Welcome read-cache-after-write consistency!

TL;DR: In version 5.3.0 we introduced strong consistency guarantees for updates with a new API. You can now update resources (both your custom resource and managed resources) and the framework will guarantee that these updates will be instantly visible when accessing resources from caches, and naturally also for subsequent reconciliations.

I briefly talked about this topic at KubeCon last year.

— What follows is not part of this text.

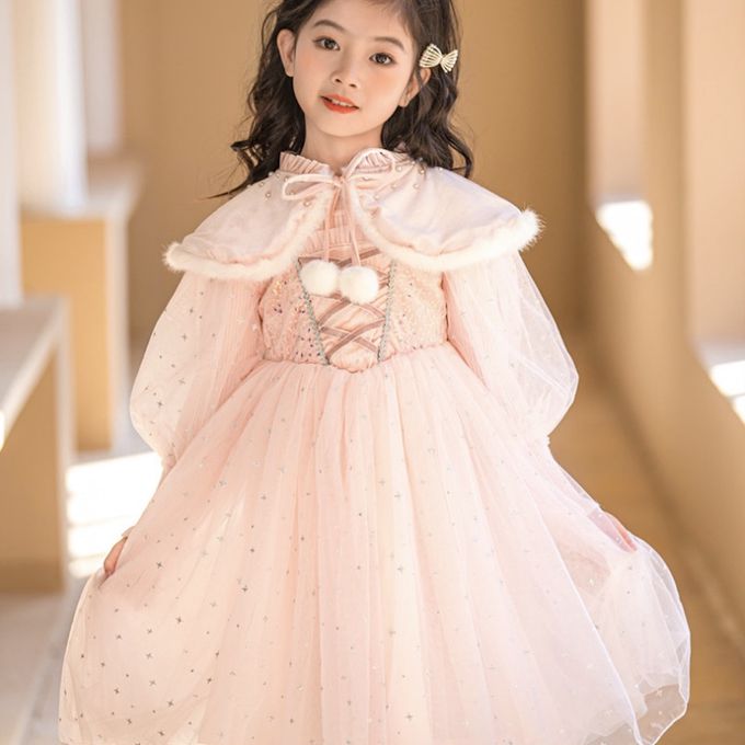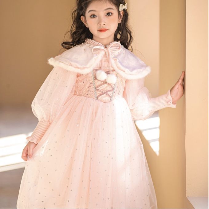 冬季毛絨領披肩公主長袖洋裝-洋裝+毛絨小領子+珍珠髮箍-粉紅色

public UpdateControl<WebPage> reconcile(WebPage webPage, Context<WebPage> context) {
    
    ConfigMap managedConfigMap = prepareConfigMap(webPage);
    // apply the resource with new API
    context.resourceOperations().serverSideApply(managedConfigMap);
    
    // fresh resource instantly available from our update in the caches
    var upToDateResource = context.getSecondaryResource(ConfigMap.class);
    
    // from now on built-in update methods by default use this feature;
    // it is guaranteed that resource changes will be visible for next reconciliation
    return UpdateControl.patchStatus(alterStatusObject(webPage));
}

In addition to that, the framework will automatically filter events for your own updates, so they don’t trigger the reconciliation again.

This post will deep dive into this topic, exploring the details and rationale behind it.

See the related umbrella issue on GitHub.

Informers and eventual consistency

First, we have to understand a fundamental building block of Kubernetes operators: Informers. Since there is plentiful accessible information about this topic, here’s a brief summary. Informers:

  1. Watch Kubernetes resources — the K8S API sends events if a resource changes to the client through a websocket. An event usually contains the whole resource. (There are some exceptions, see Bookmarks.) See details about watch as a K8S API concept in the official docs.
  2. Cache the latest state of the resource.
  3. If an informer receives an event in which the metadata.resourceVersion is different from the version in the cached resource, it calls the event handler, thus in our case triggering the reconciliation.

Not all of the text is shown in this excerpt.